Впереди за дорогой расстилалась пустошь. Я знал, что дальше за пустошью должна быть речка, но не мог в полутьме отличить прибрежные заросли от далеких лесов на темном горизонте. Внезапно что-то пронеслось с легким присвистом, метнулось вровень со мной в темно-блестящих, как слюда, окнах моего жилья, что-то вздохнуло и слабо вскрикнуло вдали. Не могу сказать, сколько времени просидел я на ветхих ступеньках моей хижины, очарованный тишью померкших небес. В комнате было так темно, что я вошел, простирая руки, как слепой, затем во мраке проступили окна, на стене белел календарь, и чье-то тело покоилось на кровати. Ибо на самом деле я уже лежал, словно умерший, накрытый ватным одеялом, умерший для самого себя — того, прежнего, в моей бывшей жизни. И, повернувшись на бок, я закутался в ветхое тряпье и уснул.
Прошло совсем немного времени — с этим ощущением я пробудился. Но было уже светло. День стоял в низких окнах сумрачного жилища. Человек, ныне пишущий эти строки, с трудом себя узнающий, как змея, сбросившая кожу — я и не совсем я, — прошлепал босиком в сени, мучительно зевая, вышел на крыльцо — солнце пылало за домом, на клочковатой траве перед избой, на изрытой, подсыхающей дороге лежала угластая тень. В майке, с полотенцем через плечо, словно дачник, в башмаках на босу ногу новосел пробирался по влажной тропинке среди путаницы побегов: пустошь, затянутая ползучим сорняком, в синих искрах росы, была колхозным огородом. Поле было обширнее, чем казалось, глядя с крыльца, как будто тени удлинили его, кое-где глинистая почва обнажилась, попадались кустики свеклы, под конец тропинка пропала в густой траве. И когда, стуча зубами от холода, шурша мокрыми брюками, я выбрался из зарослей и увидел внизу нечто вспыхивающее огнями, зыбкое и ослепительное, то засмеялся от счастья.

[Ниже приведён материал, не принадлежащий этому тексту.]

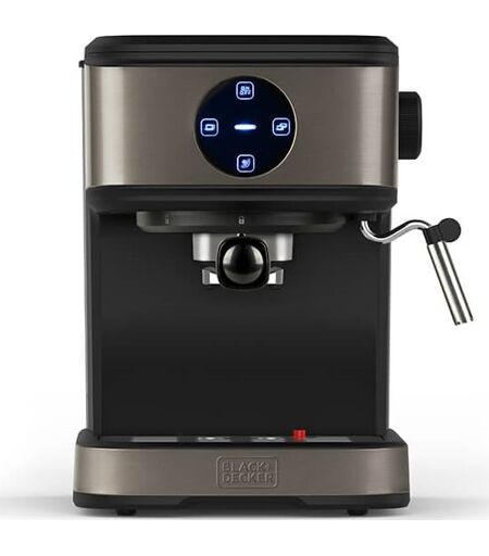 Black & Decker Espressomaskine Nyd espresso af fremragende kvalitet og konsistens med denne espressomaskine fra Black + Decker. En højtydende espressomaskine fra malede bønner, der giver en mere cremet espresso med forbedret smag og aroma takket være sin italienske 20 bar pumpe og dets præ-infusion og ekstra creamsystem. Og med en elegant fingeraftryksfri finish i rustfrit stål. Præ-infusionssystemet forbereder og fugter kaffen så den giver en forbedret aroma, farve og smag. Til dette fremragende system føjes Extra Cream-systemet, en silikonemembran anbragt i filteret, der gnider mod kaffen for at producere ekstra cream. Så sammen med sin kraftfulde italienske pumpe med et tryk på 20 bar vil du kunne nyde en lækker espresso. Og i det mindste med sin hurtige start takket være dens 850W effekt. Via den oplyste touchskærm kan du vælge 1 eller 2 kopper espresso og dampfunktion. Espressomaskinen har 2 kurve i rustfrit stål til et eller to shots espresso og automatisk stop af kaffen i henhold til standardmængderne for 1 eller 2 espressoer, da denne mængde også kan programmeres efter din smag. Til kvaliteten af espresso føjes kvaliteten af maskinens design og ekstra funktioner. Black+Deckers-espressomaskinen har en elegant fingeraftrykssikker finish i rustfrit stål med en kopbrik på toppen for at holde kaffekopperne varme og med en drypbakke, der let kan fjernes og aluminiumsdræn. Den indeholder også en måleske til malet kaffe, en 1,5 liters tank med en synlig vandstand og fuld aftagelig for let påfyldning og med skridsikre fødder for ekstra stabilitet. Specifikationer: Produkttype: Espressomaskine Farve: Sort Effekt: 850 W Pumpe: 20 bar Størrelse: 27 x 20,5 x 29 cm ...

Окунувшись в ледяную воду, я тотчас потерял дно под ногами; речка была неширокая, мутная, течение сносило пловца. С некоторым усилием я приблизился к противоположному берегу, почувствовал под ногами топкое дно и, размахивая руками, в темной медленной воде между ветвями ивы добрался до подмытого рекой берега. За деревьями расстилался солнечный луг. Я дрожал от озноба, мне было необыкновенно весело, голый, как дикарь, я прыгал и бегал взад-вперед по лугу, хлопал себя по бокам, испуская нечленораздельные звуки. Я шел вдоль обрывистого берега, высматривая свою одежду на другой стороне; течение отнесло меня довольно далеко. Река сделалась уЂже, темней, я давно прошел место, где бросился в воду. Солнце согрело меня. Я приблизился к роще. Первопроходец вошел в лес. Поток перегородило упавшее дерево, снизу за него уцепились растения, и блескучая вода неустанно расчесывала зеленые пряди.
Я вернулся и вскоре увидел на другом берегу, на песке свое полотенце. Надо было поторапливаться; немного спустя я шагал по огородному полю; отсюда была видна вся деревня.
III
Следовало немного убраться в избе, я отложил это скучное занятие на другое время. Я и так уже потерял много времени. Вместе с тем я заметил, что день еле движется. Было все еще раннее утро.
Обыкновенно я начинаю работу с того, что пишу, не заботясь о стиле, как Бог на душу положит; стараюсь лишь следовать ходу своих мыслей, хотя, по правде говоря, неизвестно, что от чего зависит. Некоторые представляют себе дело так, что сперва в голове у писателя рождается что-то такое, сюжет или «замысел», а потом он садится за стол, но я-то знаю, что никакого сюжета у меня в голове нет, а просто я надеюсь, что процесс писания разбудит мысль. Старомодно-выспреннее выражение «взяться за перо» в моем случае означает то же, что рвануть пусковую рукоятку, потому что сам собой мотор не заводится. Я чувствую отвращение и страх, чуть ли не ужас перед чистым листом бумаги, похожий на ужас, который испытываешь на краю глубокой ямы, мне кажется, что я забыл все слова, мною владеет суеверие, я думаю лишь о том, чтобы заполнить эту пустоту, забросать яму — не важно чем.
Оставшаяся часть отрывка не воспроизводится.